It’s 3:24 am and I’ve been awake for almost two hours. My usual bedtime is around 10:30 but I’d watched TV longer than I planned. Around 11:15 pm just as I was ready to hit the sack a group of people started having a very loud party in a rental van just outside my apartment.
They couldn’t hear me yelling at them to shut up, so I actually had to turn a fire hose on the van so they’d notice me. It’s ok, no-one got wet! They apologised and said they’d move on. I hopped into bed a little wired from the encounter, but I drifted off pretty quick.
Bang on one o’clock I woke. No big deal I thought, this sometimes happens. I did a quick bladder check. No, didn’t need to get up and figured I’d fall asleep again quickly.
About 5 minutes later, the first wave of anxiety swept over me, immediately followed by the negative thought spiral.
In summary, it goes something like this – I’m a failure… nobody likes me… I’ll never fix my problems… I’m no good at anything… such and such a body did me wrong…. etc… etc… etc…
Why the hell does it have to happen in the middle of the night? Anxiety in daylight hours can be bad, but never as bad as when I should be sleeping. Every negative thing is amplified and seems insurmountable.
The middle of the night is when I feel the most alone. Sure I’m married and I have friends but at this moment, everyone else is, I assume, asleep.
I can’t possibly wake my husband or text a friend at this hour. That would be rude. No matter how awful I feel, it’s just wrong to burden someone else with sleeplessness and anxiety.
Isn’t it?
There are people I know in the UK and it’s daytime there. But that seems selfish. Weird huh… I’m suffering, but I don’t want to burden people I know care for me. Part of that is because I feel embarrassed. I’m an adult. I should be able to cope.
Shouldn’t I?
I read recently that anxiety in the night is probably due to our evolutionary past. We are basically hairless apes with no claws, tusks or sharp teeth to defend ourselves. When we first came down from the trees, that made us vulnerable, especially at night when our relatively poor night vision made us easy prey for large carnivorous hunters. Anxiety in the night was a survival mechanism – it kept us safe from very real dangers.

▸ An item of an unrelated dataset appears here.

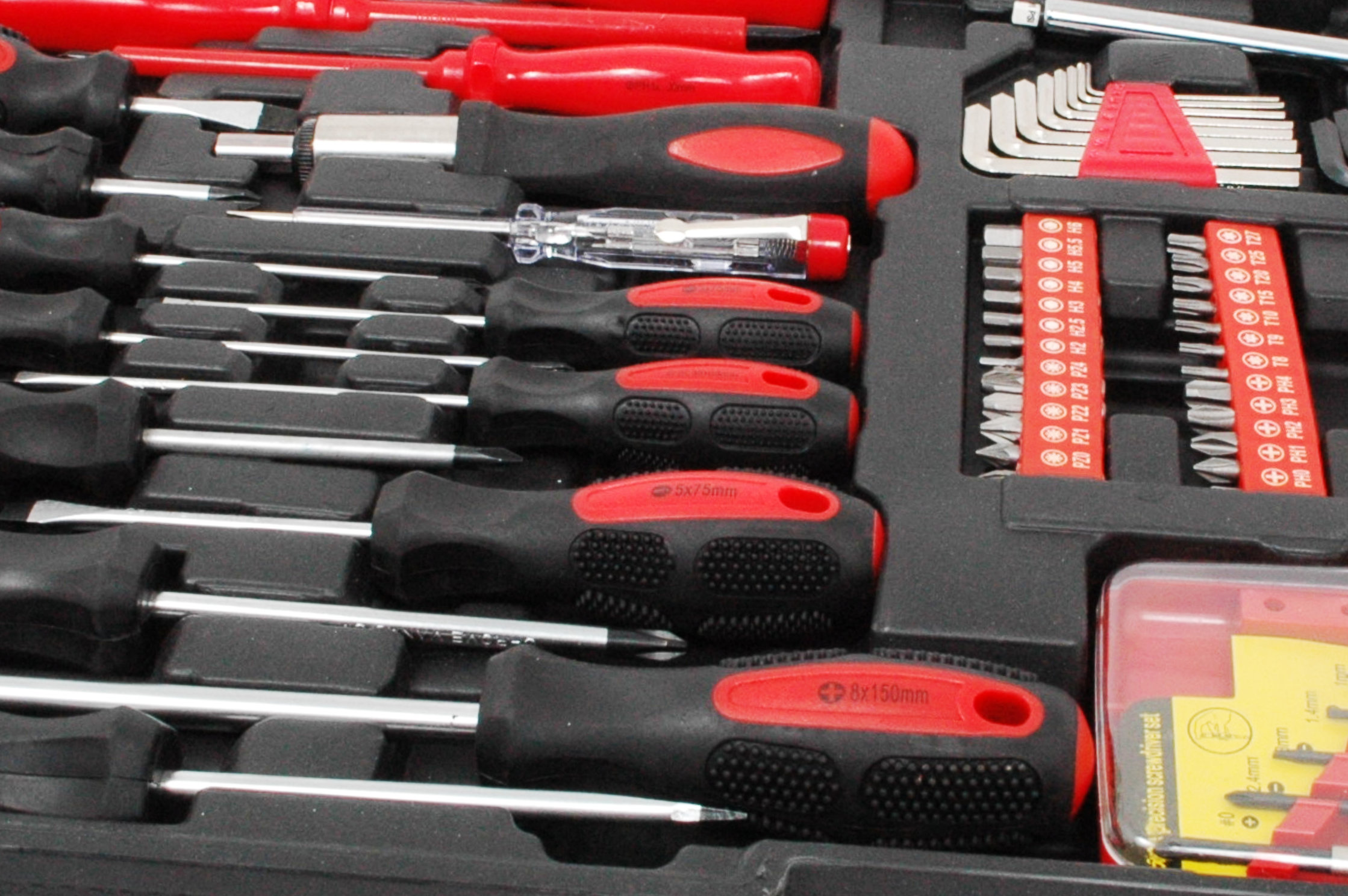 - PH: 1, 2; PZ: 1, 2; TORX: 8, 10, 15, 20, 25, 27, 30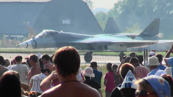 出ました、ロシア空軍ステルス戦闘機PAK-FA/T-50です!昨年のMAKSで一般初公開され、この100周年エアショーにももちろん参加です!

Nowadays, a middle-class person like me living in New Zealand is pretty safe. There are no snakes or lions out to get me. I just need to flick a switch to banish the dark. Yet an instinctive fear is still there and it is searching for something, anything to cling to. Tonight, it found the perfect prey – my own limitless insecurity.
Around 1:45 am I started reading a book but my eyes got blurry and I just kept re-reading the same page. Half an hour later, I got out my iPad and started watching something on Netflix. I know they say it’s the wrong thing to do, but I needed the distraction. An hour later, I tried unsuccessfully to get some sleep.
It’s 3:49 am now and I’m feeling sleepy. Writing this has been cathartic, and I’m feeling better. I’m also feeling hungry. Oh, God… now my sleep-deprived brain has to make a decision. Do I get up and eat? Or do I turn off the light and try to sleep?
If I get up and go to the kitchen I’ll be wide awake, besides my desperate need to sleep is winning. So, I turn off the light – it’s 4:30 am.
Suddenly I’m fighting with someone dressed in black and I drop my iPhone and both sides are badly cracked – I’m really pissed off.
I open my eyes and check my phone. It isn’t cracked. It’s 5 am and I’ve just slept and dreamt for half an hour.
Sigh.
At least my phone isn’t damaged.
For the next three and a half hours, I drift between wakefulness and sleep till 8:15 am when my husband comes in with a tray of breakfast. He’s a little puzzled because I’m normally out of bed by 6am.
I’m groggy and drained, but it’s daylight, and, for now, I don’t feel like a failure.